In this document, we provide three aspects of artifact evaluation.

Getting Started

Detailed Description

  1. In the close-world experiment, we introduced the experimental procedure and results.
  2. In the open-world experiment, we introduced how to use RegMiner to mine regressions in open-source projects.
  3. In the dataset tool, we show how a user can use the mined regressions.

Please follow the process to ensure that everything runs according to expectation.

Folder Structure

All the folders that are relevant to the project can be found under /home/regminer/issta.

Close-world Experiment

RegMiner

Step1: Enter the working directory of the experiment.

cd /issta/close-world/regminer

Step2: Run the experimental script.

python3 Automation.py 

Step3: Confirm the experimental results

Final results. You can see the regressions hit by the method in the xxx database and results for each project in the regression.csv file in each project code directory.

Process log. You can see each regression search process in the logmain file under each project directory

RegMiner¬TDM

Step1: Enter the working directory of the experiment.

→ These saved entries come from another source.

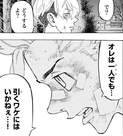 エマの死が受け入れられないマイキーとドラケンは天竺の抗争にも参加できず、東卍は天竺に乗り込めずにいます。一方、武道はマイキーにエマを殺したのは稀咲である事を伝え、自分一人でも天竺とやると宣言し、自分だけでも前に進もうとします。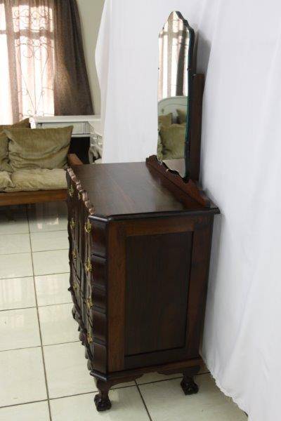 THIS EXQUISITE 4 - DRAWER BALL AND CLAW CABINET / DRESSER IS STUNNING AND COMPLETELY ORIGINAL!!! AN EXQUISITE PIECE OF FURNITURE IN EXCELLENT CONDITION WITH A BEAUTIFUL CURVED MIRROR!!! CHECK THE GRAIN OF THE WOOD - THIS IS STUNNING FURNITURE!!! THE SIZE OF THE CABINET IS APPROXIMATELY 860mm x 500mm x 1620mm HIGH. PLEASE VIEW THE PICS VERY CAREFULLY FOR MORE DETAIL AND THE CONDITION AS THIS FORMS PART OF THE DESCRIPTION; WHAT YOU SEE IS WHAT YOU GET! PLEASE VIEW OUR SHIPPING OPTIONS OR COLLECT IN EDENVALE FREE OF CHARGE!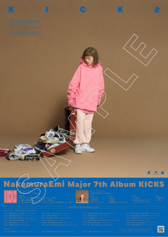 #NakamuraEmiKICKS のハッシュタグと、NakamuraEmiのオフィシャルアカウントをタグ付けしてご自身のX、Instagram(フィード・ストーリー・リール)にポスターを貼った様子を投稿していただくと、抽選で5名様に実物の直筆サイン入りポスター(B2サイズ)をプレゼントします。 お店やオフィスに貼ったり、個人でご自宅に貼るのももちろんOK。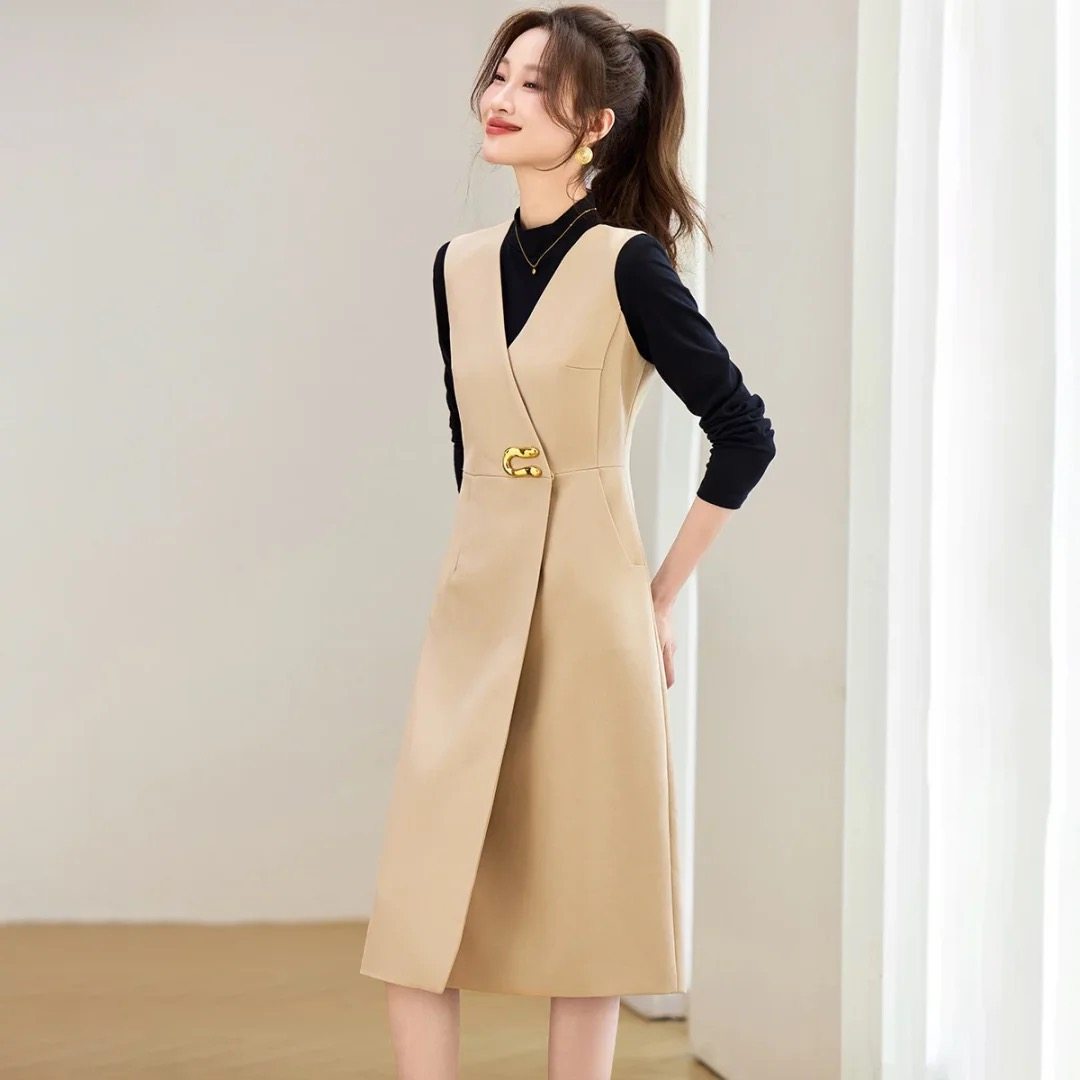 宝诗黎两件套打底背心连衣裙2026早春简约气质老钱风宽松直筒裙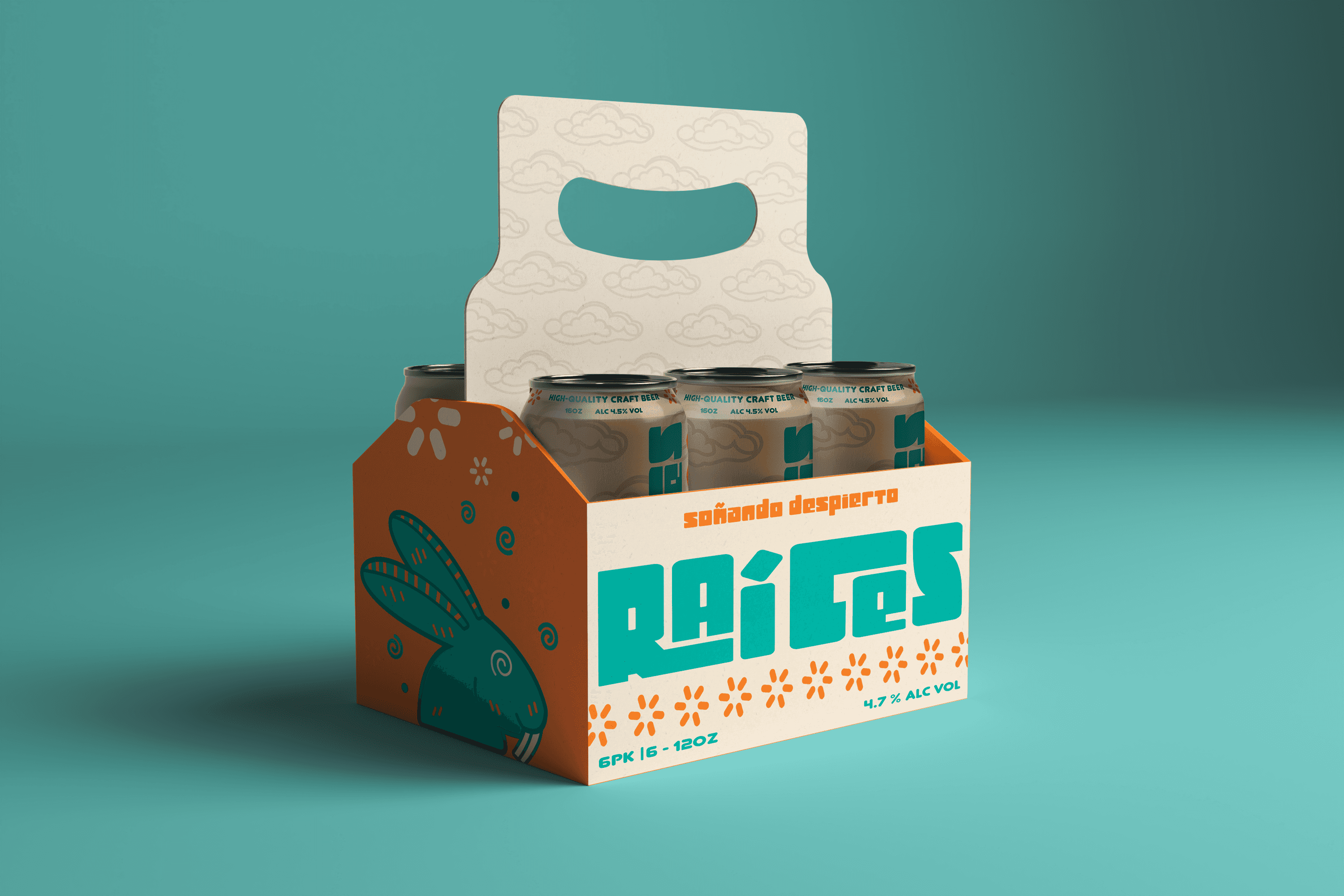 This trademark embodies Raíces Brewing Company and its cultural spirit. Through the playful Tochtli, the drunken rabbit from Latin American mythology, the logo brings a fun, welcoming identity to the brand while keeping a simple, inviting design rooted in celebration and connection.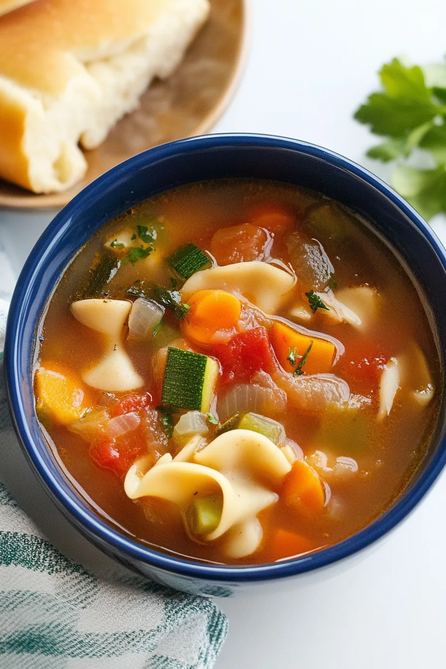 This Country Vegetable Soup Recipe makes enough to feed a crowd—or give you leftovers all week (lunch problem solved). Store it in the fridge for up to 4 days. The flavors actually get deeper, like it’s been stewing in its own goodness overnight. If you want to freeze it, go for it—it keeps up to 3 months. But here’s a tip: cook the noodles separately and add them later if you’re freezing. Otherwise, you’ll end up with soggy noodle mush, and nobody wants that.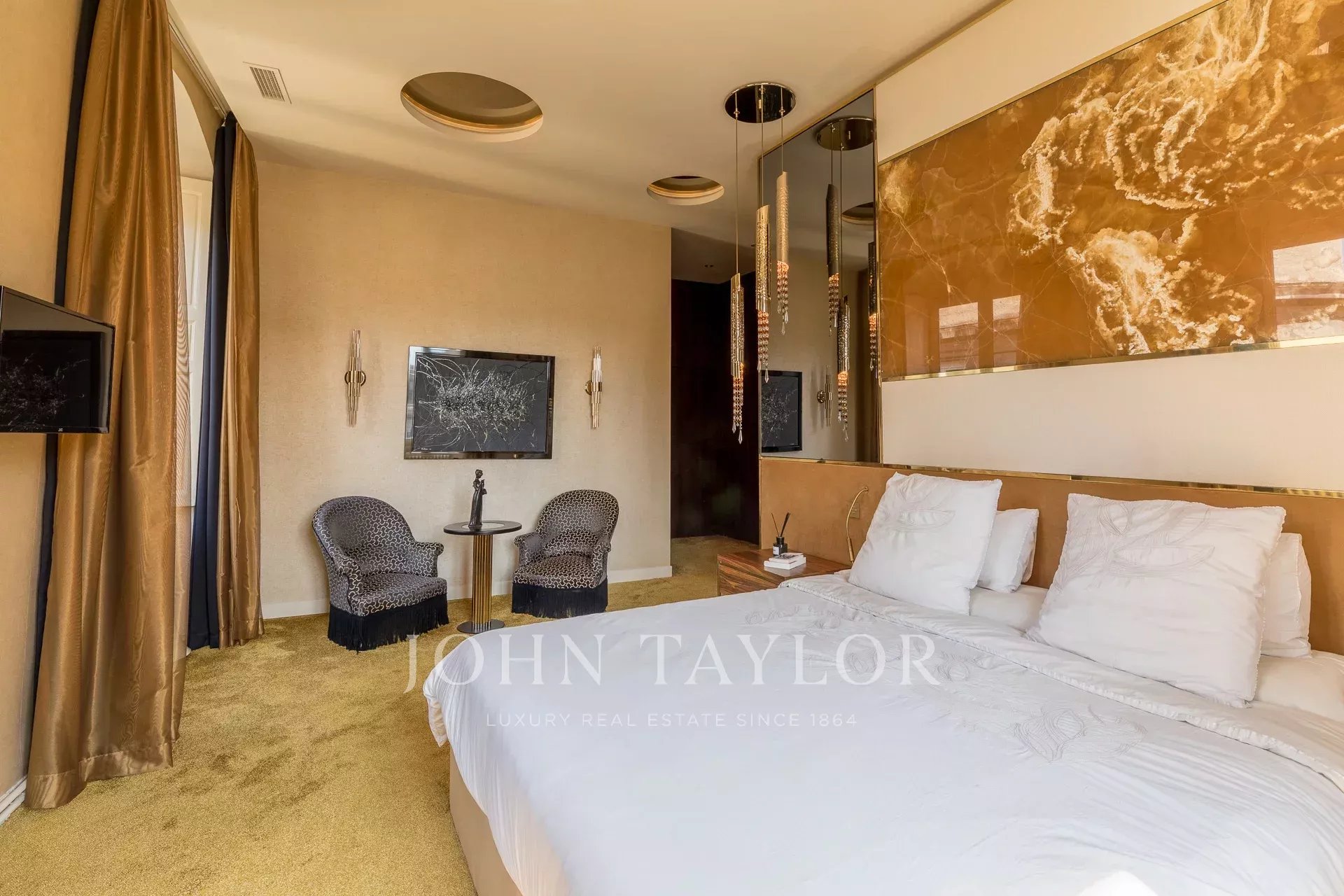 На верхнем этаже расположены четыре спальни, включая главную спальню с видом на памятник Жирондинам.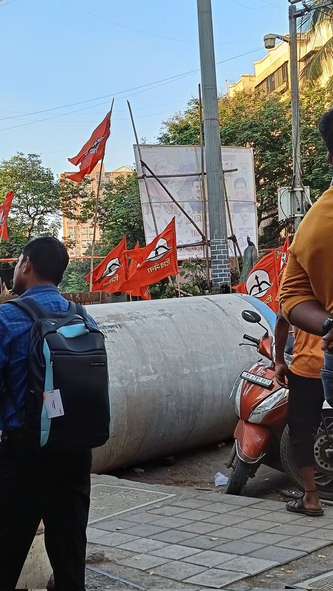 चौकाच्या मध्यभागी फलकबाजी, झेंडे लावले आहेत.... मागचे तीन दिवस हा तमाशा बघतोय... एखाद्याचा जीव गेल्यावर यंत्रणा जागी होणार का? @mybmcWardRN @MTPHereToHelp @MumbaiPolice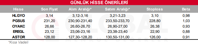 Bugün hareketli olmasını beklediğimiz hisseler: HLGYO, PGSUS, OYAKC, EREGL, ASTOR.
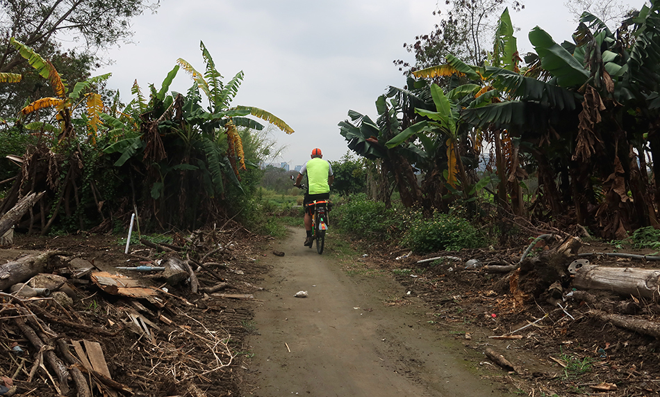 Like the concrete blocks to cross over the river, this bridge adds a bit of adventure to the day. Thankfully there's nobody else around, as the bridge is just wide enough for me on the bike and I pedal across and start cycling up a path on the opposite bank just as raindrops begin falling.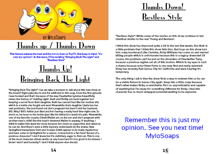 This feature salutes the best and the not so best on TopTV. But keep in mind, "It's only my opinion". In this issue, I'll be tackling "Bringing Back The Light" and "Restless Style"

cd /issta/close-world/regminer-tdm

Step2: Run the experimental script.

python Automation.py 

Step3: Confirm the experimental results

Final results. You can see the regressions hit by the method in the xxx database and results for each project in the regression.csv file in each project code directory.

Process log. You can see each regression search process in the logmain file under each project directory

RegMiner¬VEM+bisect

Step1: Enter the working directory of the experiment.

cd  /issta/close-world/regminer-vem-bisect

Step2: Run the experimental script.

python Automation.py 

Step3: Confirm the experimental results

Final results. You can see the regressions hit by the method in the xxx database and results for each project in the regression.csv file in each project code directory.

Process log. You can see each regression search process in the logmain file under each project directory

RegMiner¬TDM+Bisect

Step1: Enter the working directory of the experiment.

cd /issta/close-world/regminer-tdm-bisect

Step2: Run the experimental script.

python Automation.py 

Step3: Confirm the experimental results

Final results. You can see the regressions hit by the method in the xxx database and results for each project in the regression.csv file in each project code directory.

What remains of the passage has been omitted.